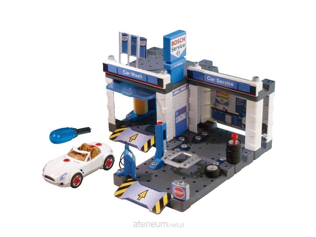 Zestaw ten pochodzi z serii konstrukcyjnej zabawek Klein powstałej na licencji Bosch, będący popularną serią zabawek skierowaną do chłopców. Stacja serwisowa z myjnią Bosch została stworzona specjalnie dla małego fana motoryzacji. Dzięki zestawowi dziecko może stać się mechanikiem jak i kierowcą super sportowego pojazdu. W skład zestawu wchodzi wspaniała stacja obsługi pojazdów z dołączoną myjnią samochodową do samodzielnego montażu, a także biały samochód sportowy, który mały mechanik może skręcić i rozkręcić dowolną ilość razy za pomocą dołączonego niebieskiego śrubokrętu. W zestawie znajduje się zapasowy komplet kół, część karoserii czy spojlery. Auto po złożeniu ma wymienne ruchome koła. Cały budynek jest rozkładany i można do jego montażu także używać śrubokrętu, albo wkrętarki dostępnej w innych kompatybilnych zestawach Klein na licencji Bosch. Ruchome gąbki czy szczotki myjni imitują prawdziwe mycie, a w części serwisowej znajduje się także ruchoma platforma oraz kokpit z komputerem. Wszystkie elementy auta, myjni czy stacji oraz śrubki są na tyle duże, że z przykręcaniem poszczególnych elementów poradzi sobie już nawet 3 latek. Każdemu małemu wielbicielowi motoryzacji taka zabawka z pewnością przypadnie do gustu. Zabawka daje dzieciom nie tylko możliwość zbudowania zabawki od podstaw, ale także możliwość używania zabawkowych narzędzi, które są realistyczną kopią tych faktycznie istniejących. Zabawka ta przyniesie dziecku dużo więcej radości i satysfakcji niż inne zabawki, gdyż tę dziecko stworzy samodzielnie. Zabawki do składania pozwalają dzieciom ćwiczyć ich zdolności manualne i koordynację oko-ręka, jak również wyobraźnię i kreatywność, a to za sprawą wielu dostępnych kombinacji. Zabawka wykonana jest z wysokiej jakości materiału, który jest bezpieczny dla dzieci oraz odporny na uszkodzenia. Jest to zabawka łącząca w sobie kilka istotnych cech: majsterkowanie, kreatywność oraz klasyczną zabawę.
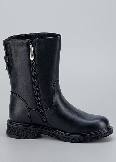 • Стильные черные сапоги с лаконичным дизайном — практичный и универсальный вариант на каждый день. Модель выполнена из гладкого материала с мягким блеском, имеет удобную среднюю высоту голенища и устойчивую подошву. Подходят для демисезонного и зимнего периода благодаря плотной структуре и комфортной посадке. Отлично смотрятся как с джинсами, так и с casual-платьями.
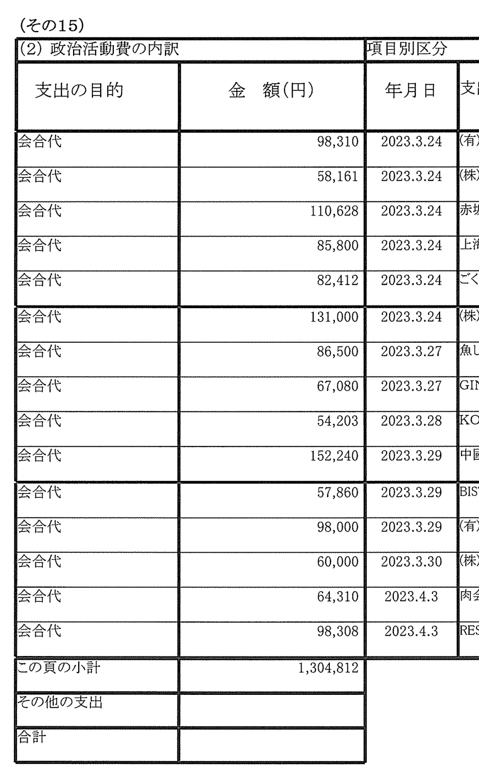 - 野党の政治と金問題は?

...

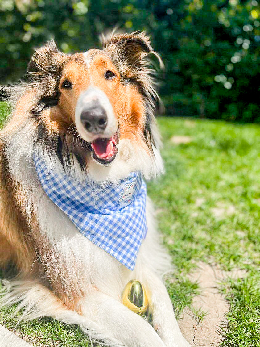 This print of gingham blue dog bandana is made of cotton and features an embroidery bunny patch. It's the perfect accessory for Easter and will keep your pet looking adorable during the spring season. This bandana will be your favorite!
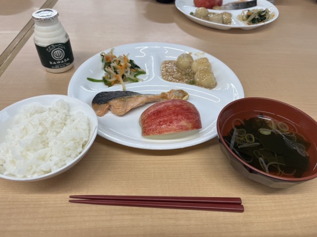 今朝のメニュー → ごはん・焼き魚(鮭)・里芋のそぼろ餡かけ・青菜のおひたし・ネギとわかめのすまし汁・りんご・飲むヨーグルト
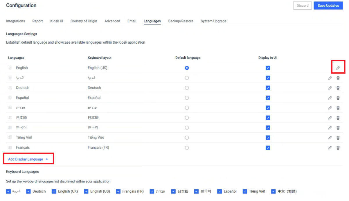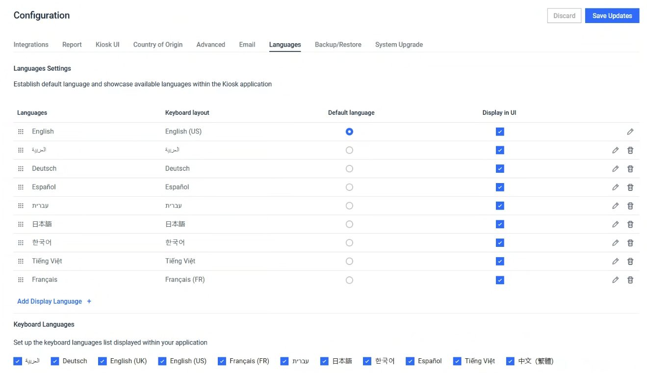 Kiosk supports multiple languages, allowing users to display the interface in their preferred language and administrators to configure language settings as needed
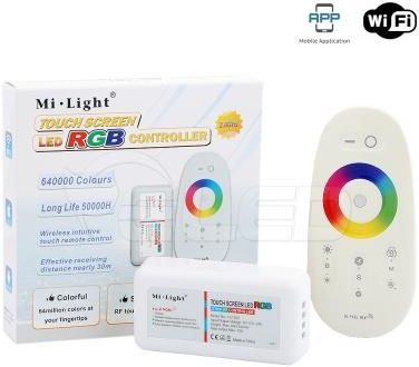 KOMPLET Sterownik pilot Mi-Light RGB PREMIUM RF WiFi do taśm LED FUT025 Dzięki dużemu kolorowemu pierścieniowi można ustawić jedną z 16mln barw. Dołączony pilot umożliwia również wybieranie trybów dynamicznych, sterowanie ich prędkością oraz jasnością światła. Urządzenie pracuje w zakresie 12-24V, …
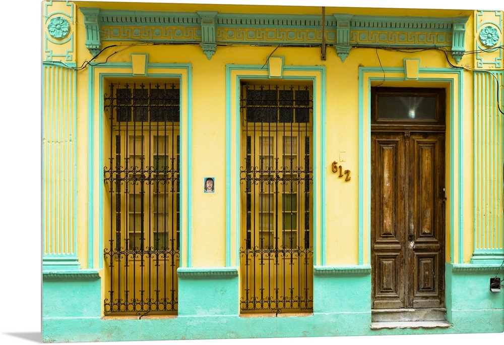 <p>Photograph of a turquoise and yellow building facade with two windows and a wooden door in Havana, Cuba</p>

» **Work item**
Return exactly the lines that appear in the data above between the line containing "и с casual-платьями." and the line containing "- 野党の政治と金問題は?", both of which are included, and leave the pictures out.

» **Written reply**
 • Стильные черные сапоги с лаконичным дизайном — практичный и универсальный вариант на каждый день. Модель выполнена из гладкого материала с мягким блеском, имеет удобную среднюю высоту голенища и устойчивую подошву. Подходят для демисезонного и зимнего периода благодаря плотной структуре и комфортной посадке. Отлично смотрятся как с джинсами, так и с casual-платьями.
 - 野党の政治と金問題は?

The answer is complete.